<<<<
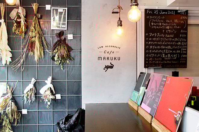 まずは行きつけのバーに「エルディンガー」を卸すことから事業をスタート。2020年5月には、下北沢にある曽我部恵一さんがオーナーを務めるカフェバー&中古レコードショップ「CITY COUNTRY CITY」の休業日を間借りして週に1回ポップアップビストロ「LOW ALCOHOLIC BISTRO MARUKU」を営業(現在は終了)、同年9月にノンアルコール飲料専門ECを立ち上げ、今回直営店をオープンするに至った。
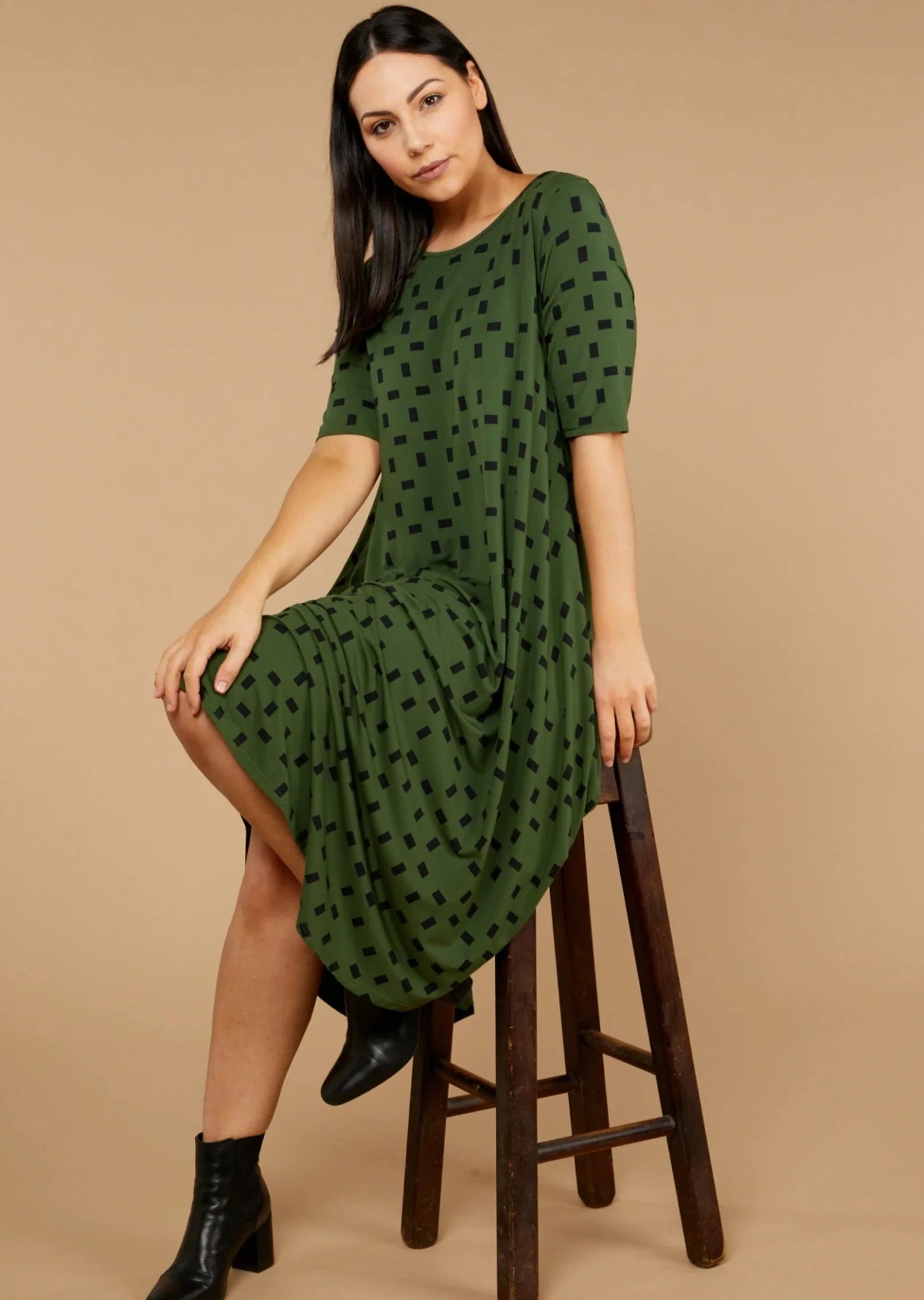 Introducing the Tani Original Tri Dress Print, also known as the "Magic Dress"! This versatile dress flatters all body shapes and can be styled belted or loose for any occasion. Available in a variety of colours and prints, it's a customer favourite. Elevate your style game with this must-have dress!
>>>>
<<<<
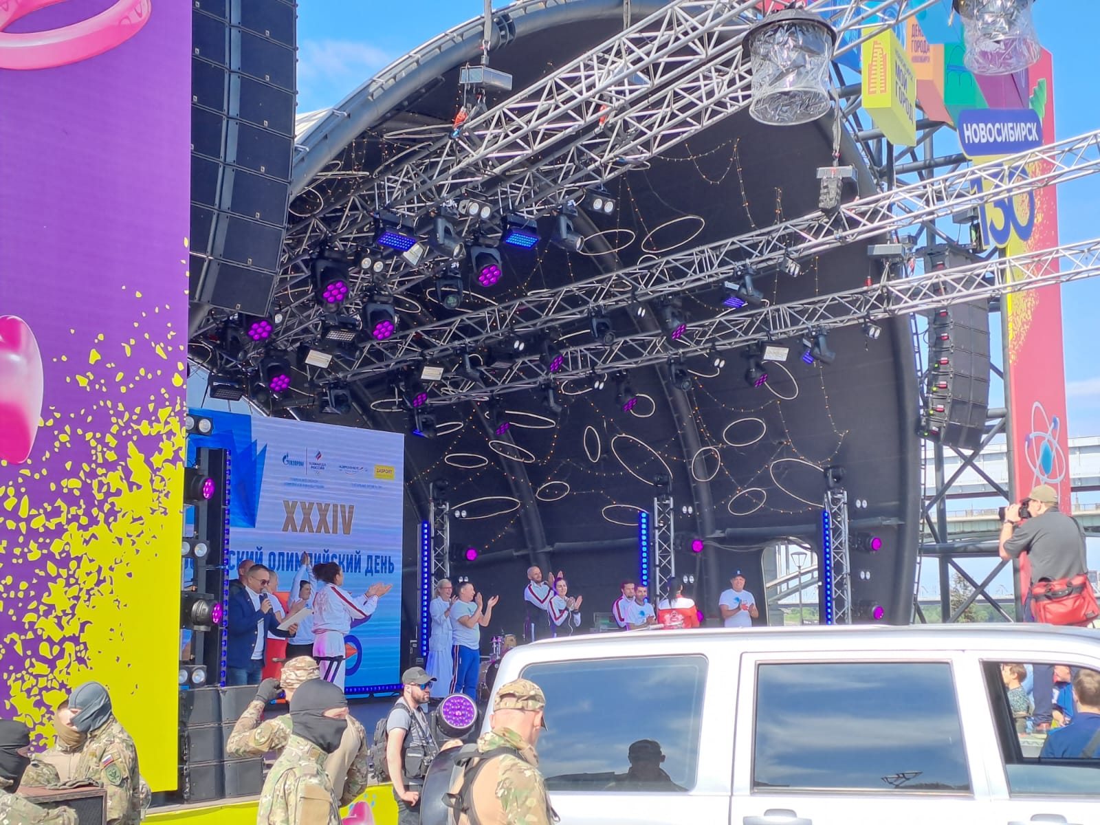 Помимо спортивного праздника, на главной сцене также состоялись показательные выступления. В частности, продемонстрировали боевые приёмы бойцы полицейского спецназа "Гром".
>>>>
> [What you need to do]: For the entries above, print exactly the lines between the one with "COUNTRY CITY」の休業日を間借りして週に1回ポップアップビストロ「LOW ALCOHOLIC" and the one with "Introducing the Tani", inclusive, with no pictures.

> [Reply to the task]:
 まずは行きつけのバーに「エルディンガー」を卸すことから事業をスタート。2020年5月には、下北沢にある曽我部恵一さんがオーナーを務めるカフェバー&中古レコードショップ「CITY COUNTRY CITY」の休業日を間借りして週に1回ポップアップビストロ「LOW ALCOHOLIC BISTRO MARUKU」を営業(現在は終了)、同年9月にノンアルコール飲料専門ECを立ち上げ、今回直営店をオープンするに至った。
 Introducing the Tani Original Tri Dress Print, also known as the "Magic Dress"! This versatile dress flatters all body shapes and can be styled belted or loose for any occasion. Available in a variety of colours and prints, it's a customer favourite. Elevate your style game with this must-have dress!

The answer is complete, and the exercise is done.